Can anyone recommend a disc compatible rack or have one for sale that will fit a disc carrera subway or would it just be easier to use a seatpost rack ?


----------



## compo (4 Aug 2013)

I have one fitted on my Trek. Essentially it is a standard rack with slightly wider spacing between the stays and combined spacers to allow fixing to the screw holes on the drop outs. It has been rock solid for about 18 months, including a number of heavily laden trips with loaded panniers. Unfortunately I cannot make out the name of it, even with a magnifying glass, so sorry I am not much help to you other than to assure you they are available.

Edit: Just seen it is a Blackburn!


----------



## gaz (4 Aug 2013)

I rate the topeak super tourist DX range, they do one in disc - http://www.topeak.com/products/Racks/SuperTouristDXTubularRack_disc

I have one spare which I would sell to you if the frame wasn't bent.


----------



## vickster (4 Aug 2013)

I have one of those. Ribble had the best price when bought


----------



## Moodyman (4 Aug 2013)

Many racks sold compatible for disc braked bikes use a long bolt to extend the width of the rack. This is their weak point and many bolts break or bend.

The topeak that Gaz listed has a heavy duty aluminium arm welded so is very strong


----------



## fossala (4 Aug 2013)

I use a topeak super tourist disc on my croix de fer.

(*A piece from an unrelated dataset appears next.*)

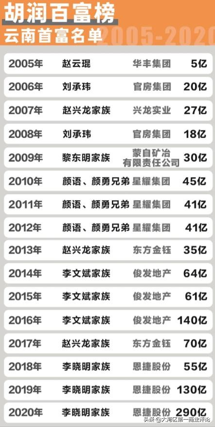 而在最初几年的胡润富豪榜上,地处西南边陲、经济相对落后的云南,一直都榜上无名,直到2005年,榜单中才出现了一个云南人——赵云琨,华丰集团老板,以5亿元的资产位列榜单第351名,成为首任云南首富。
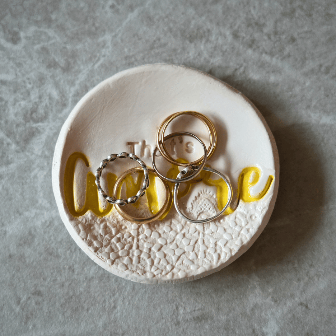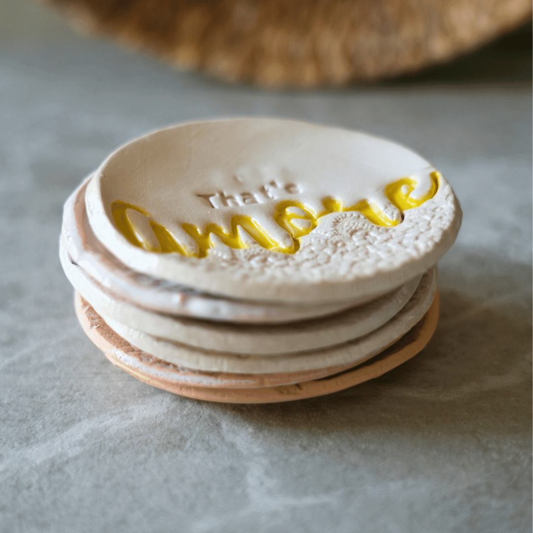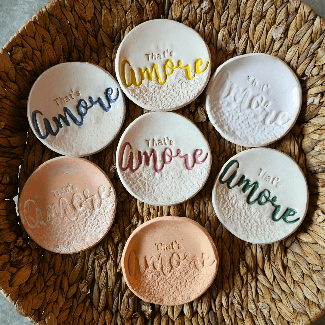 Rendi speciale ogni momento con un piattino in argilla fatto a mano, personalizzabile con qualsiasi scritta e colore. Perfetto come regalo, decorazione o dettaglio per eventi!

It's good and sturdy but quite wide, I'll take a picture if you need.


----------



## Gez73 (4 Aug 2013)

I


I use the Topeak Super Tourist DX. I managed to use the non-disc version as the brakes are located within the frame and this means that I didn't require the slightly more protruding disc version. I'm not familiar with your bike so can't recommend this set-up for you. Very sturdy so far and they have carried quite a bit of weight for me.


----------